==== Recorded data

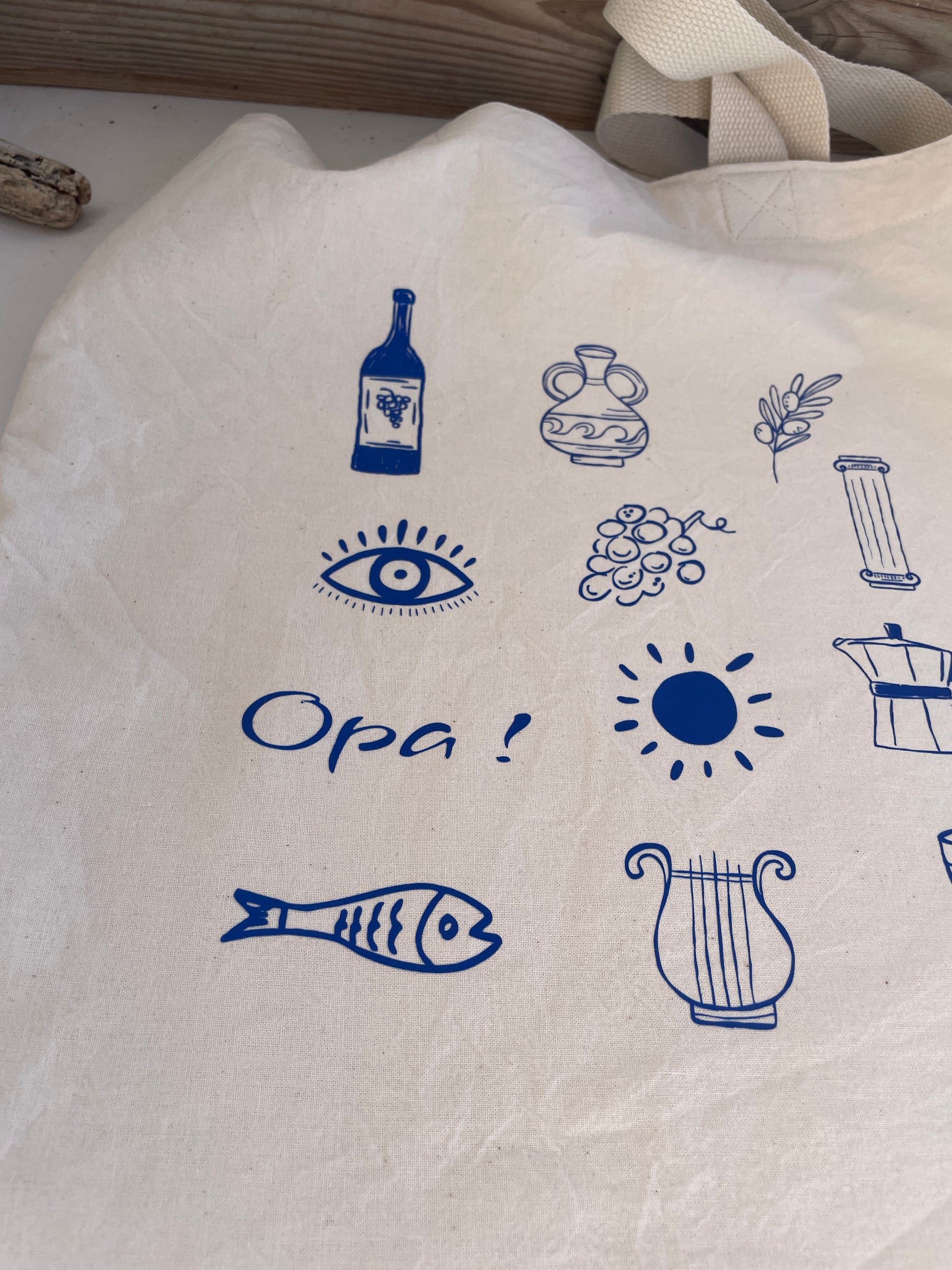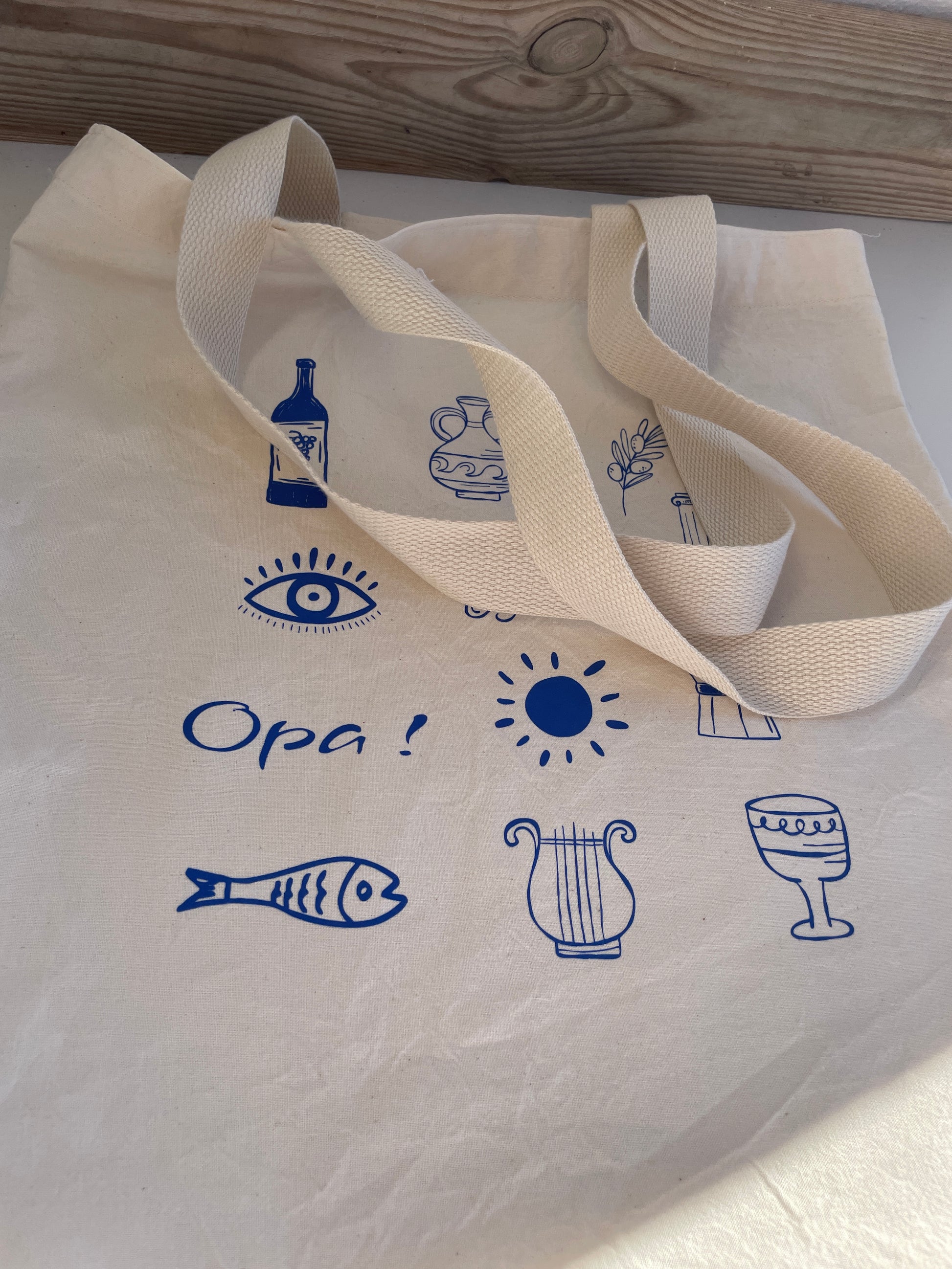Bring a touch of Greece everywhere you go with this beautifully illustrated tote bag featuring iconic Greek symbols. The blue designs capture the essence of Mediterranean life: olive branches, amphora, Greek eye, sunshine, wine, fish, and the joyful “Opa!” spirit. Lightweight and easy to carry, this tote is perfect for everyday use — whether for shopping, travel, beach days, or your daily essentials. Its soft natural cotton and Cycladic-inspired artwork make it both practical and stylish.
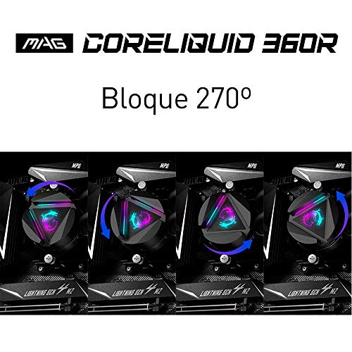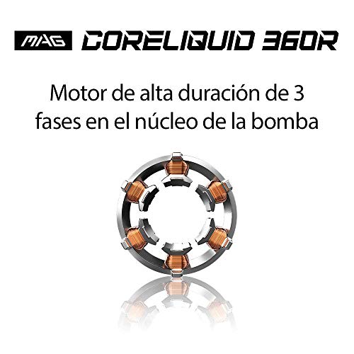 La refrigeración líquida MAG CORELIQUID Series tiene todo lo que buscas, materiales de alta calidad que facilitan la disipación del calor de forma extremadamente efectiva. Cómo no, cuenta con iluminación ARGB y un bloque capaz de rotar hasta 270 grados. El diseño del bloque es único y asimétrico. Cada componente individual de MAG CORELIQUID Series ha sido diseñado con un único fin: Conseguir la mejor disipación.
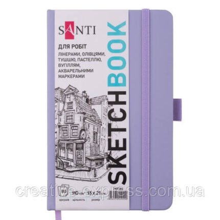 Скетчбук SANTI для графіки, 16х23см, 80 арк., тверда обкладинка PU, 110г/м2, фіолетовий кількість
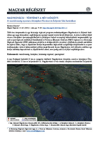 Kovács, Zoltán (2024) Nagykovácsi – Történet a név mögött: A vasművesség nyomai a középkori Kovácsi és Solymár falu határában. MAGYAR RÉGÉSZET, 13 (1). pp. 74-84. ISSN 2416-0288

========

▸ Task statement
Please ensure that the data above is repeated exactly, with no pictures in the copy.

▸ Solution
Bring a touch of Greece everywhere you go with this beautifully illustrated tote bag featuring iconic Greek symbols. The blue designs capture the essence of Mediterranean life: olive branches, amphora, Greek eye, sunshine, wine, fish, and the joyful “Opa!” spirit. Lightweight and easy to carry, this tote is perfect for everyday use — whether for shopping, travel, beach days, or your daily essentials. Its soft natural cotton and Cycladic-inspired artwork make it both practical and stylish.
 La refrigeración líquida MAG CORELIQUID Series tiene todo lo que buscas, materiales de alta calidad que facilitan la disipación del calor de forma extremadamente efectiva. Cómo no, cuenta con iluminación ARGB y un bloque capaz de rotar hasta 270 grados. El diseño del bloque es único y asimétrico. Cada componente individual de MAG CORELIQUID Series ha sido diseñado con un único fin: Conseguir la mejor disipación.
 Скетчбук SANTI для графіки, 16х23см, 80 арк., тверда обкладинка PU, 110г/м2, фіолетовий кількість
 Kovács, Zoltán (2024) Nagykovácsi – Történet a név mögött: A vasművesség nyomai a középkori Kovácsi és Solymár falu határában. MAGYAR RÉGÉSZET, 13 (1). pp. 74-84. ISSN 2416-0288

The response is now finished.